The cortistatins are a group of steroidal alkaloids first isolated in 2006 from the marine sponge Corticium simplex.  The cortistatins were first discovered in a search for naturally occurring compounds that inhibit proliferation of human umbilical vein endothelial cells (HUVECs), with cortistatin A being the most potent compound in the class.

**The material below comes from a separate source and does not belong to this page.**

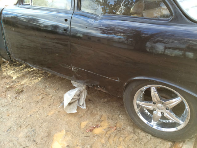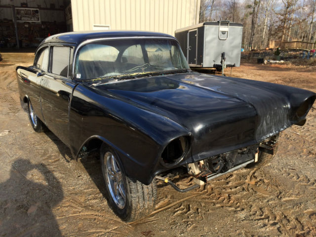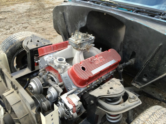 | Frame off restoration and lowered the body by 4". Currently setting on 4" blocks.We took the front suspension and posi rear end from a 2002 Camaro giving us a modified front end for its steering and suspension. We added a 4 link to the rear end. Went a little old school with the engine bling for the Hi performance 454 BBC and Muncie 4 speed crawler transmission and added an aluminium drive shaft.The 56 is dressed out with Foose 16". With the jet black base and clear coats it looks amazing with the fiberglass front end.The not so good stuff Note this is a roller. The engine ran well when taken from the donor car and the trans was rebuilt the clutch is brand new. We trailered the car but ended up scraping the paint just in front of the left rear wheel well from reloading it. The frame is true and body was completely gone through and undercoated. The Bumpers where rechromedOriginally the car had a straight six. The carrestorationwas done a couple of years ago but has been garage kept since I have owned it. I have to sell because I no longer have the funds and can no longer physically work on projects The remaining items are the interior and getting things running & finished the odds and ends including a near perfect set exterior of Stainless molding |

The Shair group at Harvard along with collaborators have shown that cortistatin A is a highly potent and selective inhibitor of CDK8 and CDK19, the kinases that associate with Mediator complex. Out of 386 kinases evaluated, cortistatin A only inhibited CDK8 and CDK19, revealing that it is among the most selective kinase inhibitors. It was also shown that cortistatin A potently inhibits growth of acute myeloid leukemia cells and AML in two in vivo mouse models. Identification of dominant drug-resistant alleles of CDK8 and CDK19 demonstrate that these kinases mediate the activity of cortistatin A in AML cells. Thus, inhibition of CDK8 and CDK19 is a new therapeutic approach to AML. Cortistatin A caused selective and disproportionate up-regulation of super-enhancer-associated genes in AML cells which contributed to its anti-leukemic activity. This work indicated that CDK8 and CDK19 are negative regulators of super-enhancer-associated genes in AML.

Di-dehydrocortistatin A suppresses viral replication in cells infected with HIV via binding to the Tat protein.

Cortistatin A was synthesized by the Shair, Myers, Baran and Nicolaou labs.